- _TASK DESCRIPTION_:
Output exactly the lines of the listing below that run from the line with "C0 树和 C1 树滚动合并可以视为有序链表归并" through the line with "Visit Proof |". No pictures.

- _DATA UNDER STUDY_:
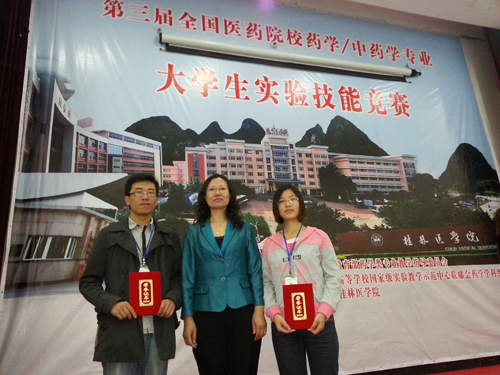 10月27日~28日第三届全国医药院校药学/中药学专业大学生实验技能竞赛暨全国药学/中365bet娱乐场联席会在广西桂林召开。27日上午教育部医药农林处王启明处长、中国药科大学副校长,高等学校国家级实验教学示范中心联席会药学学科组组长姚文兵教授、国家级实验教学示范中心联席会医学组组长、中南大学医学机能实验教学国家级示范中心主任秦晓群教授、中国药科大学药学院院长尤启冬教授分别致辞并作专家报告,27日下午召开全国药学/中365bet娱乐场联席会,我院党委书记、教学院长徐萍教授参加,同时来自全国43所医学院、药学院和中药学院共82名选手参加了第三届全国医药院校药学/中药学专业大学生实验技能竞赛,28日上午举行了颁奖仪式,北京大学药学院2010级李青获得一等奖,2010级李龙获竞赛二等奖。
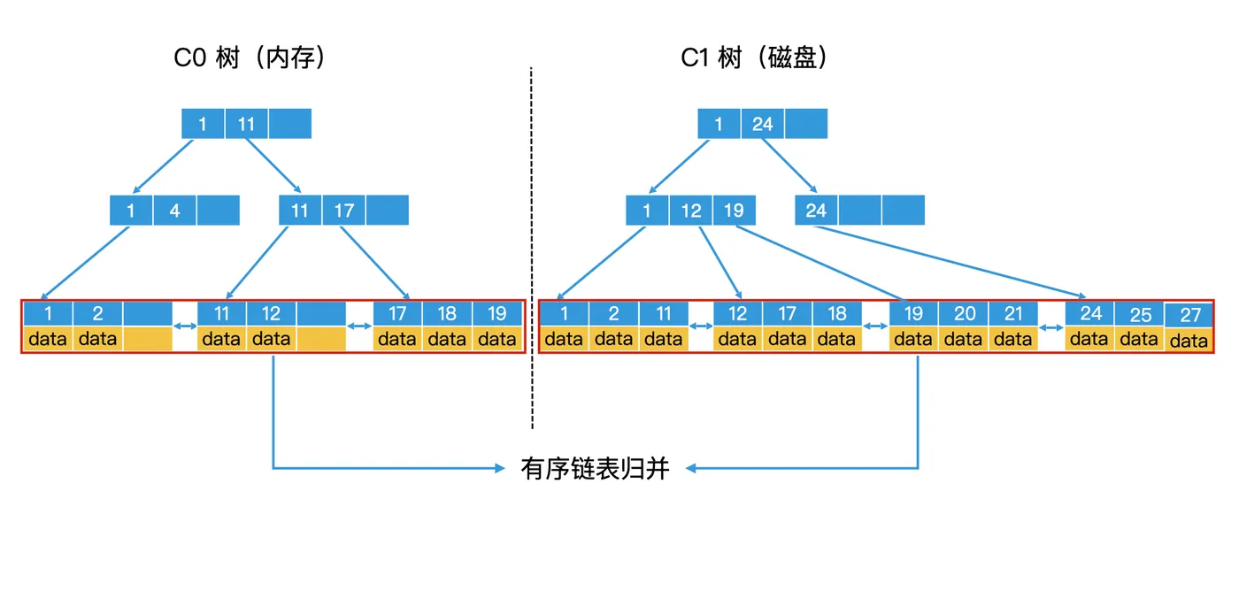 C0 树和 C1 树滚动合并可以视为有序链表归并
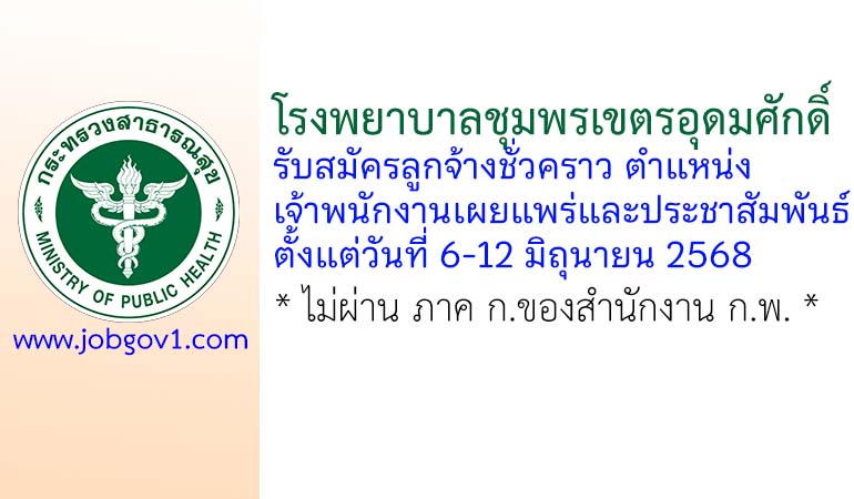 โรงพยาบาลชุมพรเขตรอุดมศักดิ์ รับสมัครลูกจ้างชั่วคราว ตำแหน่งเจ้าพนักงานเผยแพร่และประชาสัมพันธ์ ตั้งแต่วันที่ 6-12 มิถุนายน 2568
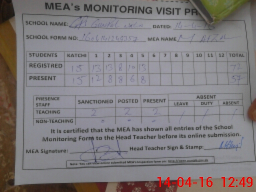 | Attendance Register | Head Teacher | MEA with School | Visit Proof |
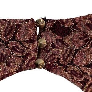 Guess Burgundy Gold Metallic Lace Bodycon Open Back Dress Size 0 Cocktail Fairy Glam Sexy. Sheer lace over lining. Some stretch in the fabric. Padded bust. V-neck with halter. Zipper and 3-button closure. Above knee length. In excellent preowned condition.

- _EXERCISE RESULT_:
 C0 树和 C1 树滚动合并可以视为有序链表归并
 โรงพยาบาลชุมพรเขตรอุดมศักดิ์ รับสมัครลูกจ้างชั่วคราว ตำแหน่งเจ้าพนักงานเผยแพร่และประชาสัมพันธ์ ตั้งแต่วันที่ 6-12 มิถุนายน 2568
 | Attendance Register | Head Teacher | MEA with School | Visit Proof |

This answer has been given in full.